Мне кажется, что большевики уже давно в городе, что красный флаг на куполе епархиального училища висит с зимы, а Нестор Варнаевич живет у нас и того раньше.
Оказывается, Нестор Полевой давно в наших краях за Советскую власть борется!
Кожухарь рассказал нам мимоходом, что еще в ноябре 1918 года, когда большая часть Украины находилась под властью петлюровской директории, Полевой вместе с такими же, как он, сторонниками Ленина провозгласили недалеко от нас, в уездном городе Летичеве, под руководством большевика Луки Панасюка, Летичевскую советскую республику.
Правда, просуществовала она недолго.
Уже на второй день рождества того же года на Летичев внезапно налетела банда атамана Волынца.
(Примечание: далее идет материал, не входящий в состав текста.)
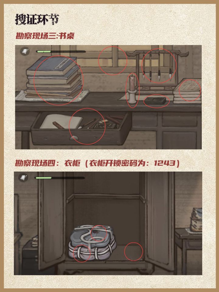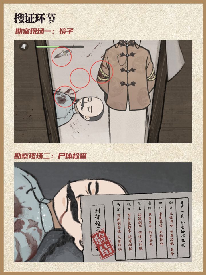 进入搜证环节⬇️1.勘察现场一:镜子(共4处,可对照图2检验结果)

Пришлось вожакам первой советской республики на Подолии перейти в подполье, ну, а Нестор Полевой пробрался через линию фронта к красным.
Я крепко привязался к ординарцу Полевого — Кожухарю. Хоть живет он не в нашем доме, но у нас бывает чаще Полевого. Того все время вызывают по телефону в полк. Не раз, услышав среди ночи телефонный звонок, Полевой вскакивает с постели и затем, переговорив по телефону, надолго уезжает из дому. В окрестных лесах пошаливают бандиты, и конная разведка часто гоняется за ними по незнакомым оврагам, по широким лесным просекам.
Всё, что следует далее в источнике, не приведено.